今のシングルベッドはフリマアプリにでも出そう。
「なあ、洵」
「うん?」
「私さ、お前と別れるくらいなら«sins»を辞める」
「……あの人に何かを言われたの?」
最愛はまた僕に擦り寄る。
「……私、って言うか、秋斗が。人気商売なんだから別れろってずっと言われてる」
でも、と最愛は続ける。
「……私もお前と別れなきゃなら辞めるよ」
「……春樹、僕は春樹の歌に助けられたんだ。だからせめて僕にだけでも歌っててよ」
「……うん。洵」
「うん?」
「……ありがとう」
春樹はまた泣きそうな顔をする。
ああ、泣かないでよ。
僕はまた春樹を抱きしめた。
しばらくして、スタジオ練の日になる。
今日は拓也さんはこちらに来なかった。
仕事らしい。
でも思わぬ来客が来る。
「……茉妃奈、さん」
「ああ、気にしないで?少し練習を見に来ただけだから」
あの人がやってきた。
相変わらずの狂気。
寒気がする。
春樹達はギクシャクしながら持ち場に。
あの人はスタジオの中を見渡す。そして僕と従兄弟を見つける。
「……ねぇ、なんでこの子達がいるの?」
茉妃奈さんは相棒を持ち、持ち場に着こうとする春樹達を後目に今日もスタジオ練に付き合う僕と従兄弟に冷たい視線を送る。
その視線に、ゾッと寒気がした。
「そ、それは……」
「……そいつらが、オレ達の大事な奴らだからだよ」
秋斗さんは怯える片割れの肩を抱き茉妃奈さんに対抗する。
「大事、ねぇ??男なら誰でもいいホモと、強姦魔の子どもなのに??」
「……茉妃奈さん、それは!!」
「違わないでしょう?事実でしょう??悪いけど、調べたわよ。……貴方、高校を中退したわね?学校でいじめられて。
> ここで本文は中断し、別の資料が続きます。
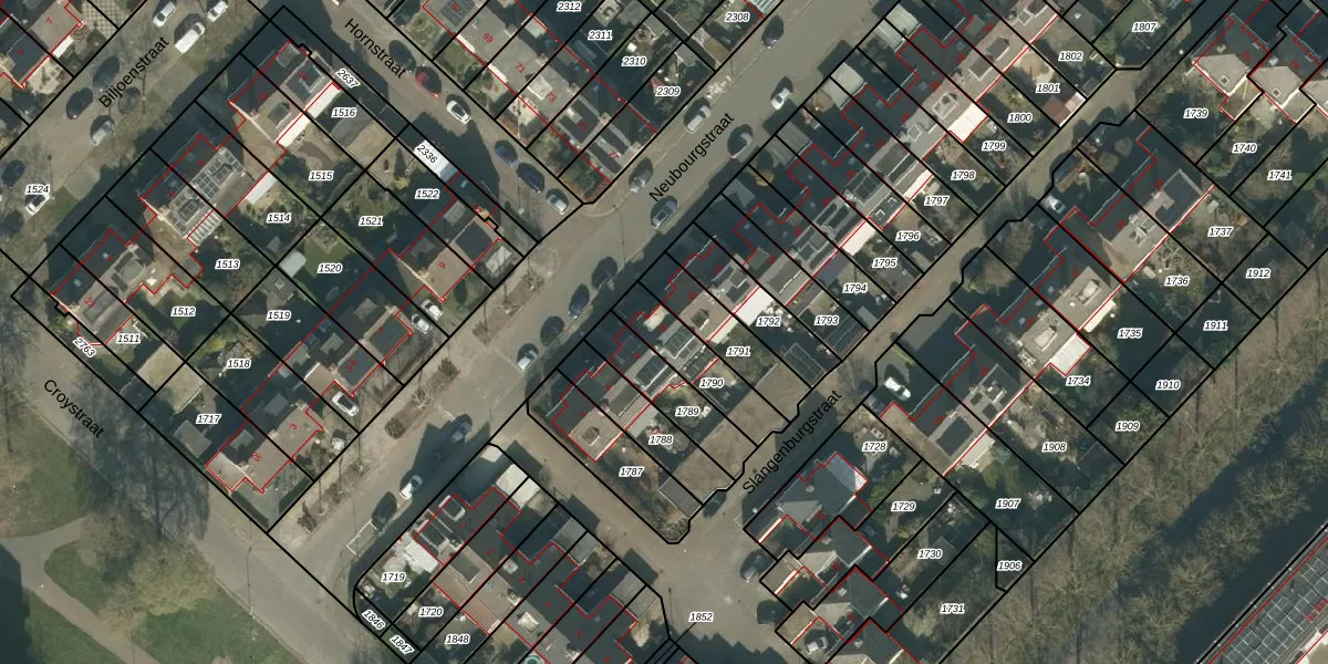 Het perceel waarop Neubourgstraat 8 staat heeft een oppervlakte van 184 m². Dit is een middelgroot perceel. De perceeloppervlakte wordt geregistreerd door het Kadaster. Gedetailleerde informatie over de maten van dit perceel kunt u vinden in het rapport Kadastrale kaart met maatvoering van Neubourgstraat 8.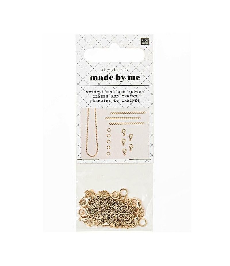 Sachet contenant 14 pièces en métal argenté pour bijoux composé de 5 fermoirs carabiniers, 5 anneaux, 1 m de chaîne et 3 chaînes d'extension de 5 cm.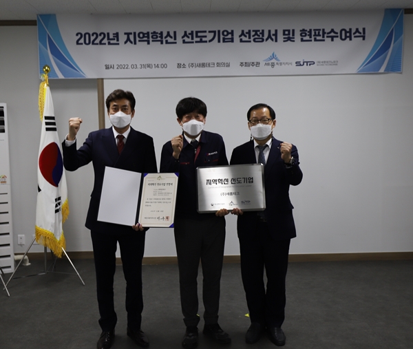 [충청뉴스 최형순 기자] 세종테크노파크가 지역산업을 이끌어갈 지역혁신 선도기업 2곳의 현판수여식을 개최했다.
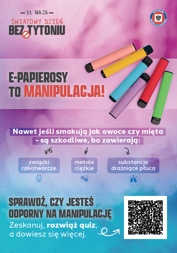 W związku z przypadającym na dzień 31 maja Światowym Dniem bez Tytoniu Główny Inspektorat Sanitarny rozpoczął kampanię edukacyjno-informacyjną pod hasłem: „E papierosy to manipulacja!”. Kampania skierowana jest do dwóch głównych grup odbiorców: dorosłych - rodziców i nauczycieli oraz młodzieży.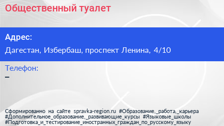 Общественный туалет по адресу Дагестан, Избербаш, проспект Ленина, 4/10 в дальнейшем Организация, размещена в следующих категориях:
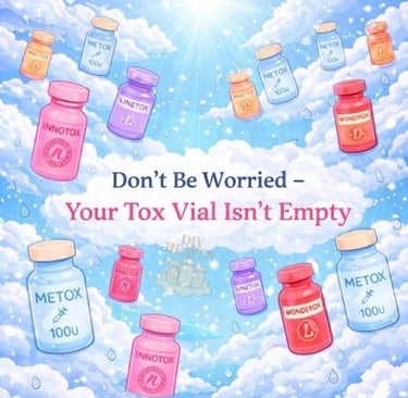 It’s completely normal for a tox vial to look empty. Most tox comes as a freeze-dried (lyophilized) powder, not liquid. The active ingredient appears almost as dust at the bottom of the vial that gets mixed with sterile saline before use. That microscopic powder still represents hundreds of units.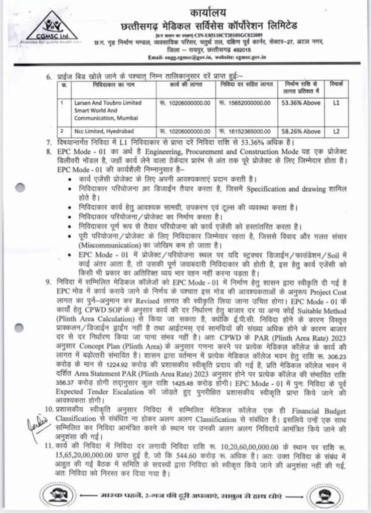बता दें कि चार नए मेडिकल कॉलेजों के निर्माण के लिए प्रति कॉलेज 306.23 करोड़ रुपये के हिसाब से कुल 1224.92 करोड़ रुपये की प्रशासनिक मंजूरी दी. इन सभी कॉलेज की बिल्डिंग बनाने के टेंडर को क्लब कर 1020 करोड़ का टेंडर निकाला. देश की दो कंपनियां ही टेंडर को क्वालिफाई कर पाई, जो वास्तविक रेट से 53 और 58 परसेंट अधिक रेट कोट किया.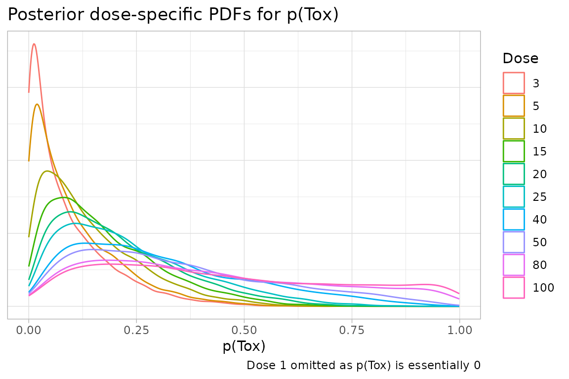title = "Posterior dose-specific PDFs for p(Tox)",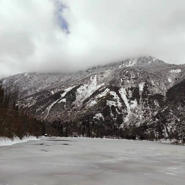 一处冰封的湖,被白雪皑皑的群山包围。山顶云雾缭绕,群山安静严肃,静谧至极。环湖有旅游栈道,顺着右手边走了五分钟,听当初从此山里搬出的当地人说右边道有条沟,沟水干净回甜,她们每次上来必手捧解渴。夏天能开车上来时,甚至会提桶运水回去煮饭烧水喝。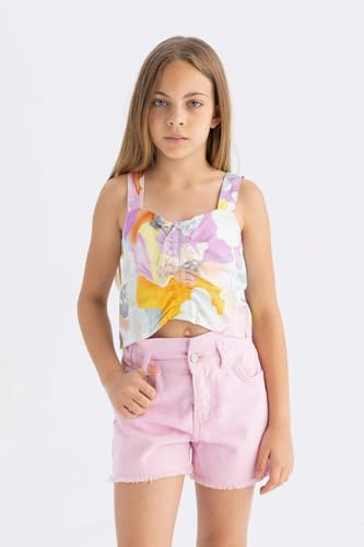 بلوزة بنسيج محبوك وبأكمام قصيرة وأشرطة للبنات C9513A8 من ديفاكتو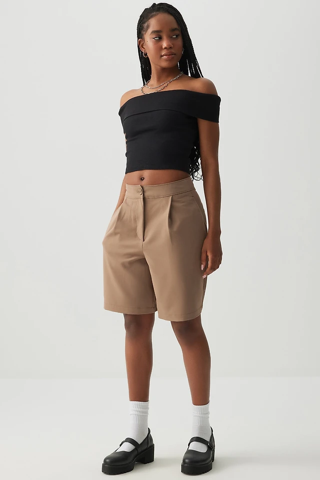 Ardene Mid Rise Bermuda Tailored Shorts in Beige | Size | Polyester/Spandex/Viscose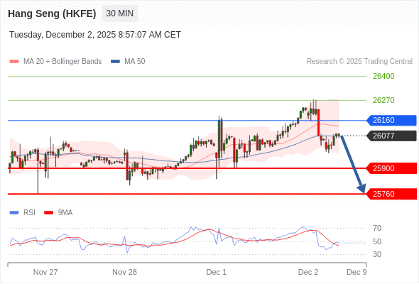 香港恒生指数期货 当日内: 短期关键阻力位在26160。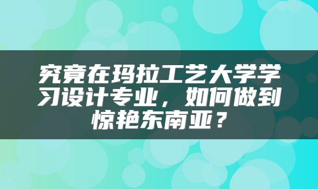 在东南亚这片充满活力与创意的土地上,设计行业正以前所未有的速度蓬勃发展,成为推动区域经济和文化繁荣的重要力量。玛拉工艺大学(UniversitiTeknologiMARA,简称UITM)作为...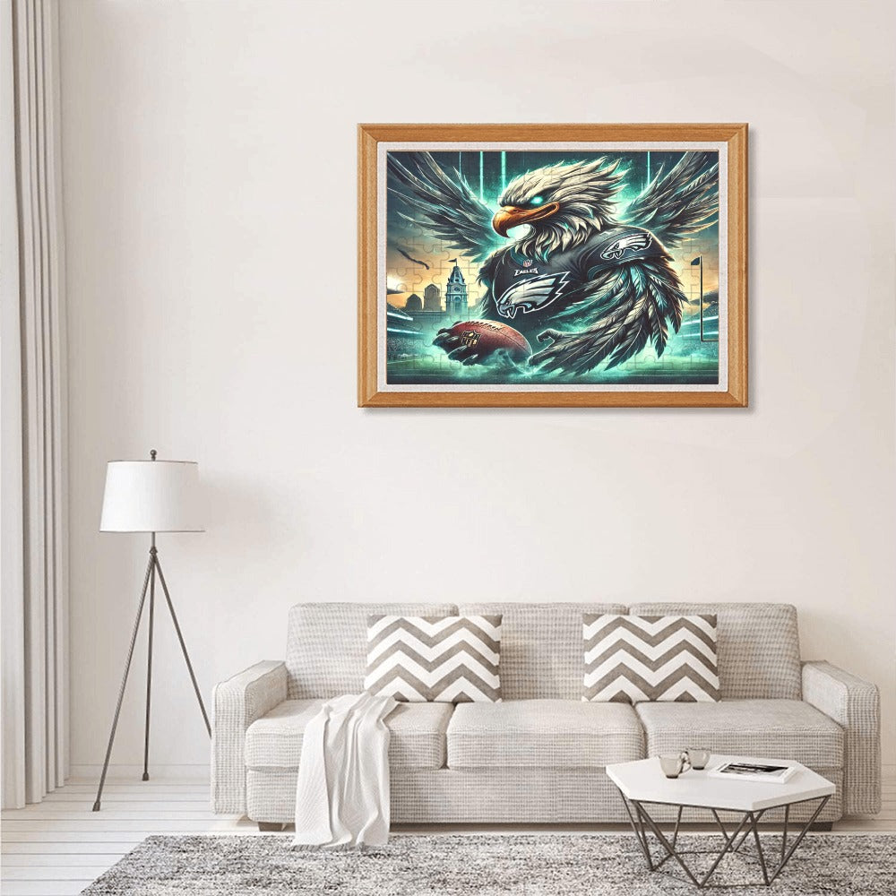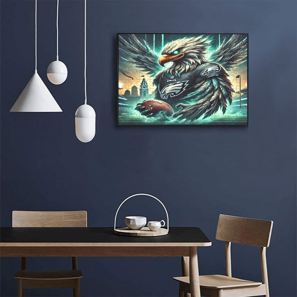 Bring your Philadelphia Eagles passion to life with this 300-piece wooden puzzle, featuring a stunning depiction of the Eagles mascot soaring with power and pride! Perfect for fans of all ages, this high-quality puzzle offers a fun and challenging activity while celebrating your favorite NFL team. With its vivid colors, smooth surface, and durable wooden construction, it’s a must-have for Eagles enthusiasts and puzzle lovers alike.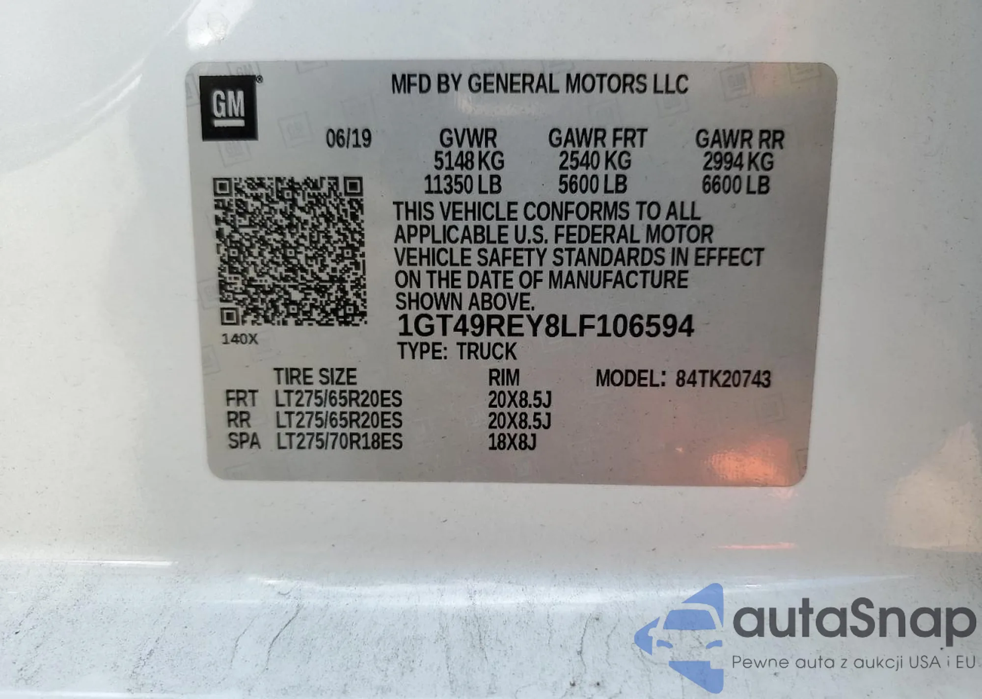 • VIN 1GT49REY8LF106594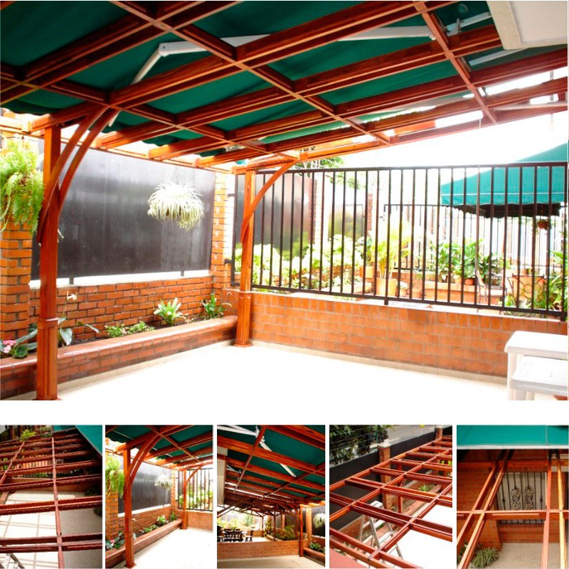 -Estrucutra en Madera -Sombrilla Retráctil -Brazos extendibles -Lona acrílica importada e impermeable

でも仕方ない事でしょう?貴方は望まれて産まれてきたんじゃないんだから」
「茉妃奈さん!!」
反論しようとする春樹に全てを言わせない。
僕は腹が立った。
僕のことならなんとでも言えばいいけど、従兄弟を誰でもいいなんて言わないでくれ。
雅さんは秋斗さんしか知らないのに。
「……確かに僕は強姦魔の子どもで、いじめられっ子でした。でも、«sins»に出会って、春樹に出会って生きていていいんだと思った。そう思わせてくれる春樹を守ろうと思った。全ての苦しみから、」
……貴方からも。
あの人は眉をピクリと痙攣させる。
そして、僕を馬鹿にしたように笑う。
「はあ??私から守る?どうして??私はこの子達の親代わりよ?この子達の幸せを願って今まで色々してきたのよ?それなのに、馬鹿な事言わないでくれないかしら?」
「……じゃあなんで暴力を振るうんですか。幸せを願うなら『今』を受け入れたらいい!!今日の2人の顔を見ろよ!!怯えてるだろ!?貴方に怯えてるんだよ!!この2人の顔の傷は?!貴方のやってる事は貴方が殺した2人の親と同じだ!!」
「この……!!」
ーガッ!!
「……っ……」
「「「洵!!」」」
僕は逆上した茉妃奈さんに思い切り拳で殴られる。
痛い。でも、こんなの、最愛達に比べれば。
春樹が僕に駆け寄る。
「茉妃奈さん、もうやめてくれ、私は……」
「貴方にはもっとふさわしい男がいるはずよ。私が探してあげるわ。こんな子忘れなさい」
「嫌だ!!私は洵がいい!!」
「この、わからず屋!!」
ーガッ!!
「……っ」
「……え、みや、び?」
僕を抱きしめて離さない春樹を殴ろうとするあの人。
でも、その拳は春樹には届かない。
雅さんが前に立ち塞がって庇ったのだ。
「雅!!」
雅さんの最愛が彼に駆け寄る。
「……洵の言う通り、貴方はあの親と一緒だよ」
「……なんですって?」
「……貴方は幸せを願ってるとか言いながら自分の敷いたレールに2人を歩かせたいだけだ。暴力のチカラで」
あの人は怒りで震えた。
でも、直ぐに冷たい表情になる。
寒気がするくらいの冷たい表情。
「じゃあ、貴方こそ秋斗の幸せ願うなら離れなさいよこのホモ野郎が。秋斗を変な道に誘い込んだのは貴方でしょう?貴方異常なのよ」
「貴方ね!!」
「……洵、いい。大丈夫だから」
「雅さん……」
従兄弟は茉妃奈さんを睨んだまま、叫ぶ僕を制止する。
そして深く息をすると、言葉を紡ぐ。
「……確かに俺は異常かもしれない。男の俺が男の秋斗を好きなんて異常だわかってるでも、止められないんだ。俺は秋斗しかいらない。今までも、これからも」
「貴方はそうでも秋斗は、」
「俺も雅しかいらないよ。今までも、これからも。だから、」
秋斗さんは、春樹とアイコンタクトして、2人で1歩前に出る。
そして、茉妃奈さんに深く頭を下げる。
「……お願いします」
「……私達を許してください」
茉妃奈さんは目を見開き、怒りに耐える。
でも、泣きそうな、悲しそうな顔になる。
「……わかってるの?貴方たちは人気商売してるのよ?それなのに」
「……それは、」
「……ファンの多くはこいつらの事を知ってるよ茉妃奈さん。それでも支持してくれんのはなんでだ」
「……っ」
灰さんは茉妃奈さんの後ろ姿に問いかける。
でもまだあの人は引かない。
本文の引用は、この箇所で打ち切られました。